Nur, der Widerspruch zwischen den Visionen der Philosophen und der Wirklichkeit in den sozialistischen Ländern, insbesondere durch die Deformationen unter Stalin, wird von den Autoren György Dalos, Autor des gleichnamigen Buches, Andrej Nekrassow und Jean-Francois Colosimo aus Frankreich nur am Rande erwähnt.

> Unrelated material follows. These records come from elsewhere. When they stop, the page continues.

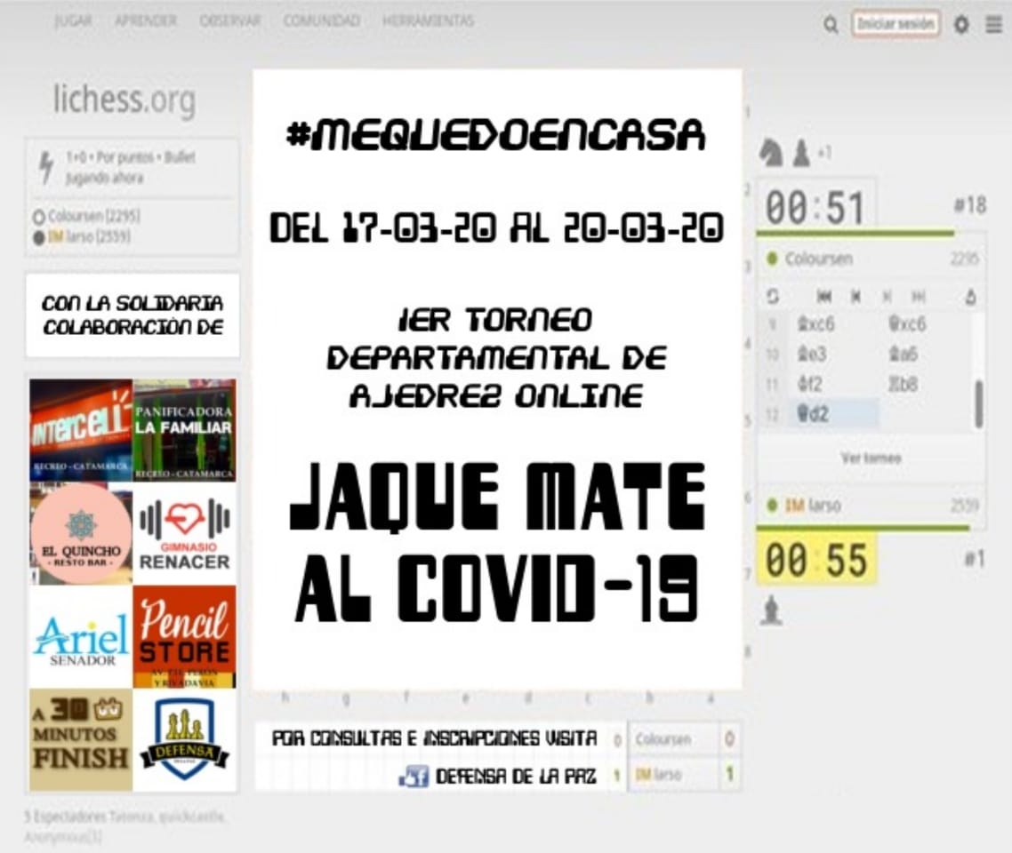 “Jaque Mate al COVID-19” es el 1° Torneo Online del departamento La Paz, bajo la modalidad blitz a 5 minutos finish, se desarrollarán seis torneos online de fase clasificatoria de 45 minutos.
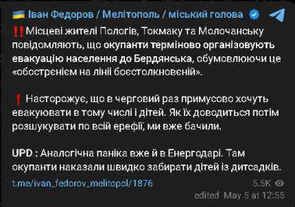 Источник: Центр национального сопротивления, мэр Мелитополя Иван Федоров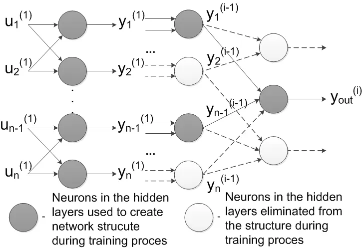 GMDH 神经网络的特点是多层自组织结构。与通常需要人工设计结构的传统神经网络不同,GMDH 网络在训练过程中会迭代发展其结构。从简单的模型开始,网络通过增加层和神经元来提高复杂性,从而提高准确性。这种方法符合归纳学习的原则,即模型通过从数据本身学习而不断发展。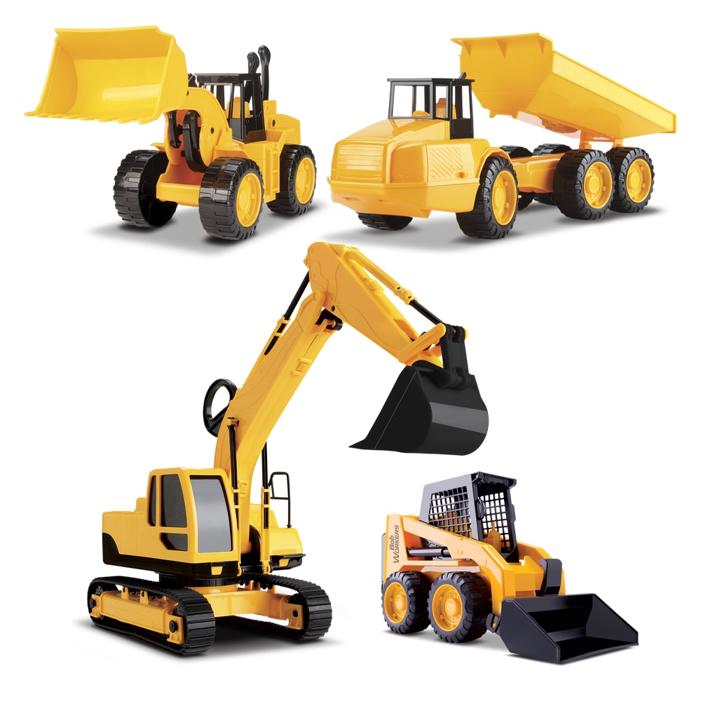 Kit 4 em 1 Carrinhos Trator Escavadeira Bob Workers Fora da Estrada

Die Ursachen für den Mauerfall und die Wende 1989 werden nicht in der gesellschaftlichen und ökonomischen Entwicklung der Länder selbst gesucht. Auslöser sei die Unterzeichnung der KSZE-Schlussakte in Helsinki, in deren Korb Drei der Westen dem Osten Europas die Garantie der Menschenrechte untergejubelt habe. Aus allen Ländern werden Beispiele von Künstlern angeführt, die Schwierigkeiten mit der staatlichen Zensur hatten - die Prager Rockgruppe »Plastic People«, der tschechische Dichter Vaclav Havel oder das Moskauer Taganka-Theater. In bunter Folge wird deren Schicksal im ersten Teil der Serie beschrieben, es fehlt jede historische Einordnung und vergleichende Analyse.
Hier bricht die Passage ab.